PROBLEM TO WORK ON: Please repeat each line from the one holding "con los rituales" through the final line of the data, exactly as it stands, with no pictures.

┌─ STORED DATA

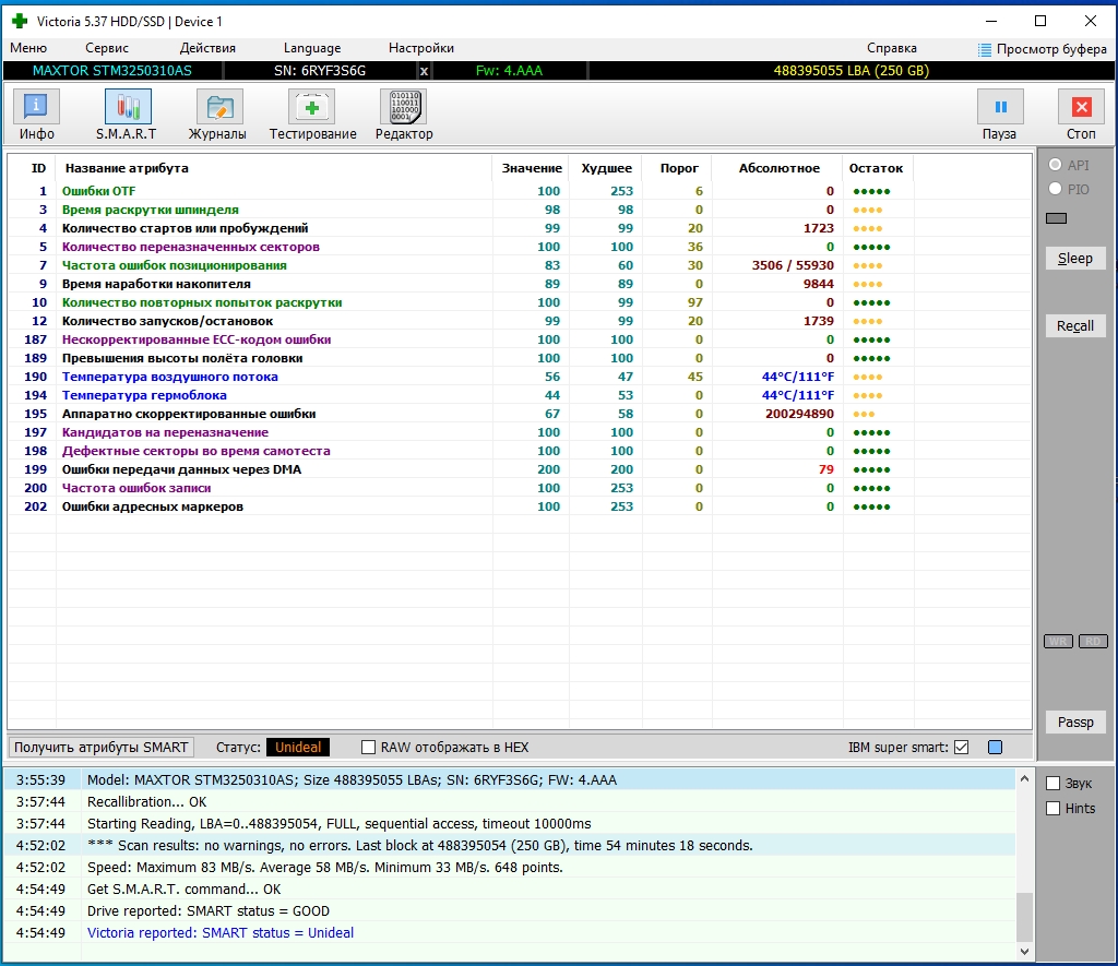 Добавлено спустя 8 минут 37 секунд: Такой еще вопрос, а Reallocated Sector Count....он лечится как то? Или же...что бы я не делал, эти ошибки все равно будут висеть в смарте? Что такое Reallocated Sector Count, это когда диск перенес 2 плохих сектора в резерв, или же это значит...что резерв заполнен и эти два битых сектора находятся на самом диске, то есть не в резерве, а на рабочей поверхности, где расположены файлы, папки и т.д?
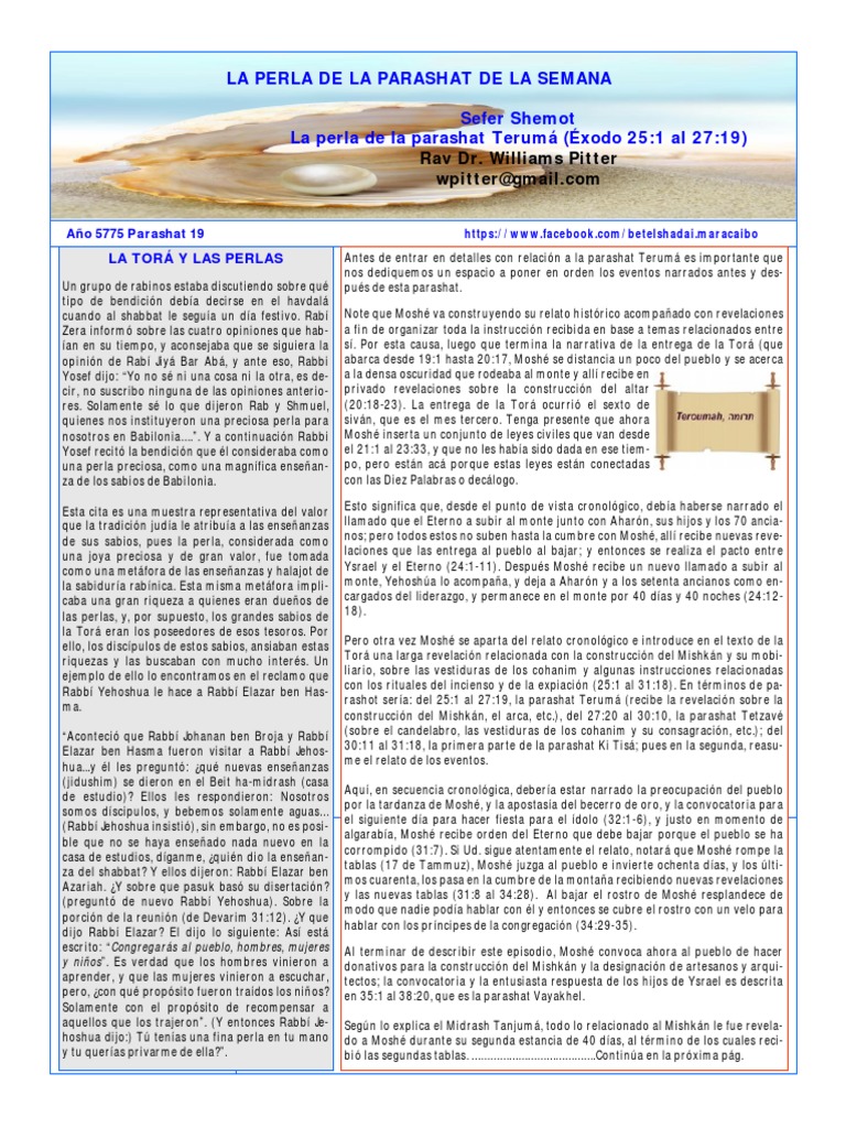 con los rituales del incienso y de la expiacin (25:1 al 31:18). En trminos de parashot sera: del 25:1 al 27:19, la parashat Terum (recibe la revelacin sobre la
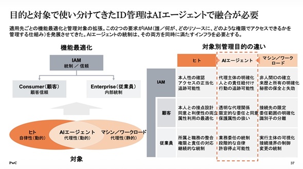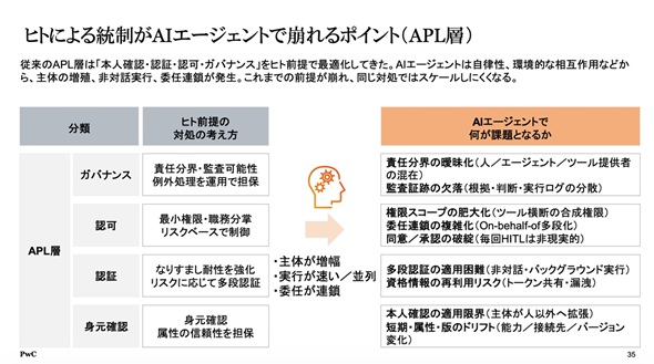 さらに重要な変化はID特性の変容だ。これまでのAI利用は人間ユーザーのセッションに従属していたが、AIエージェントは「ノンヒューマンアイデンティティー」として、独自の権限を持つ主体となる。村上氏は、エージェントが自らIDを持つという点において「そのIDをどう管理しているかという論点が生まれてきている」と指摘する。

└─

RESULT OF THIS TASK:
 con los rituales del incienso y de la expiacin (25:1 al 31:18). En trminos de parashot sera: del 25:1 al 27:19, la parashat Terum (recibe la revelacin sobre la
 さらに重要な変化はID特性の変容だ。これまでのAI利用は人間ユーザーのセッションに従属していたが、AIエージェントは「ノンヒューマンアイデンティティー」として、独自の権限を持つ主体となる。村上氏は、エージェントが自らIDを持つという点において「そのIDをどう管理しているかという論点が生まれてきている」と指摘する。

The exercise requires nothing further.